The leader stepped back toward Kasey, his movements fluid and eerie amidst the chaos of the shifting architecture. He reached out, his hand clamping onto Kasey's jaw once more with a firm, bruising grip. He tilted Kasey's face toward the dimming light, his thumb tracing the scales near his throat with a slow, chilling possessiveness.

"Such a beautiful, resilient thing, it would be a shame to see these scales tarnished... but I think I'll enjoy watching you try to climb your way out of the dark… or not."

He let go, his hand lingering for a fraction of a second too long before he stepped back into the deepest shadows. The other three figures followed him, their glowing eyes fading into the gloom until they vanished entirely, leaving the trio alone in the heart of the rising spire.

The sky fractured into a brilliant, haunting cyan, the neon glow bleeding into the deep ink of the night. It was an impossible light, turning the clouds into swirling eddies of turquoise and shadow. Above, the moon hung like a great, glowing eye, its usual pale silver replaced by a cold, radiating teal that signaled the world had tipped off its axis.

Inside the atrium, the transformation was violent and beautiful. The ground groaned with the sound of grinding stone as the mall's familiar structure was consumed.

The ropes binding the trio didn't just break; they snapped under the sudden, immense pressure of a massive stone pillar erupting from the floor directly between them. The force sent them scattering in different directions. Kasey felt the wind rush past him as he was thrown across the shifting tiles, his wings flaring to catch his balance.

Walls slid like pistons, and staircases spiraled upward into the dark canopy. One by one, they were separated by rising partitions and heavy iron gates. The mall was gone—replaced by a labyrinthine tower, each one a jagged step toward the cyan moon.

Outside, the tower stood as a silent, monolithic spire against the bruised sky. It was a masterpiece of the macabre, looking as though it had been grown rather than built. It felt ancient yet futuristic, a piercing needle of stone that defied every law of physics.

The Midnight Cycle had reached its peak. The air thrummed with a heavy, static charge, and the silence that followed the transformation was deafening.

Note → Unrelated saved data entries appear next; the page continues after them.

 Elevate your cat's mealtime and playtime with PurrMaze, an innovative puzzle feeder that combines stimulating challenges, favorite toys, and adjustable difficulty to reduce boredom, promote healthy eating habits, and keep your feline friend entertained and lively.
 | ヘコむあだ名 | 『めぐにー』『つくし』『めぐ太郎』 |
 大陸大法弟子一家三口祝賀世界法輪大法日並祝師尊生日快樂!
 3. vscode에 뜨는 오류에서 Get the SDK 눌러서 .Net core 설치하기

Kasey pushed himself up from the cold floor—still tied, his head still throbbing. He was alone on the ground level, surrounded by shadows and the faint, flickering light of a few remaining arcade machines that had survived the transition.

He looked up at the ceiling, which now seemed miles away, knowing his friends were somewhere in the heights above.

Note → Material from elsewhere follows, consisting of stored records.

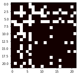 In the set of 22 x 22 combinations of two statements how many lead to puzzles with unique solutions? It turns out that only 90 puzzles emerge - the graph below shows white squares for all combinations that lead to valid puzzles, black squares for those that do not. It doesn't matter which inhabitant is making a particular statement, leading to the symmetry in the graph and duplication in the puzzles (if you don't care about statement order).
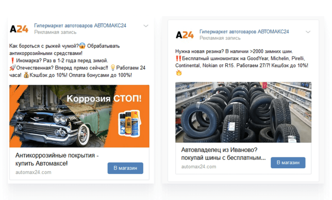 Создавали креативы с яркими изображениями, привлекающими внимание к проблеме, а также использовали «живые» фото из магазина:
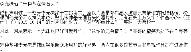 据了解是最近宋钟基和宋慧乔宣布二人订婚,而作为宋钟基的基友李光洙却发文说自己是宋钟基定情石!哈哈,吃瓜群众围观,评论说你女朋友怎么办!
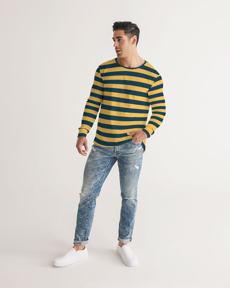 Blue and Yellow Stripes Men Long Sleeve Tshirt, Wide Striped Unisex Women Designer Graphic Aesthetic Crew Neck Tee
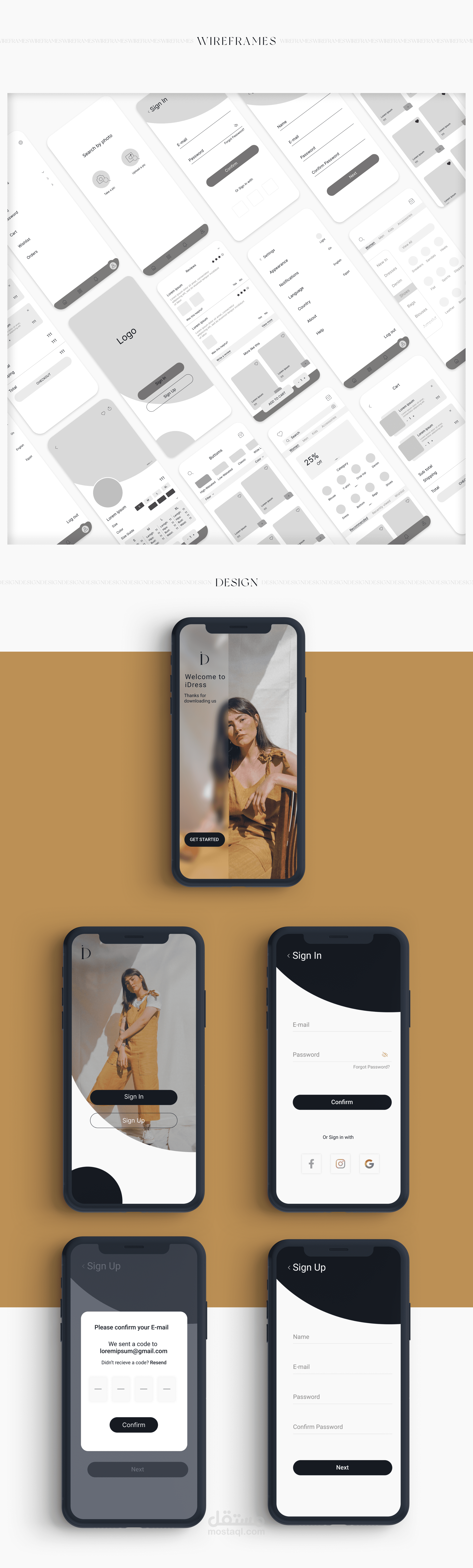 I created the wireframes based on detailed description of the Information Architecture after that i added the colors and elelmets

He remained on the floor, helpless. The thought of struggling crossed his mind—of trying to untie himself—but the night pressed in on him, seeping into his thoughts, dulling them, warping them. Whatever was in the air, whatever watched from beyond the dark, was already working its way through him.

Fatigue flooded his body all at once, thick and poisonous, sinking into his limbs like an unfamiliar intoxication. His muscles stopped listening. His thoughts unraveled.

The floor rose to meet him.

And as consciousness slipped away, the night did not.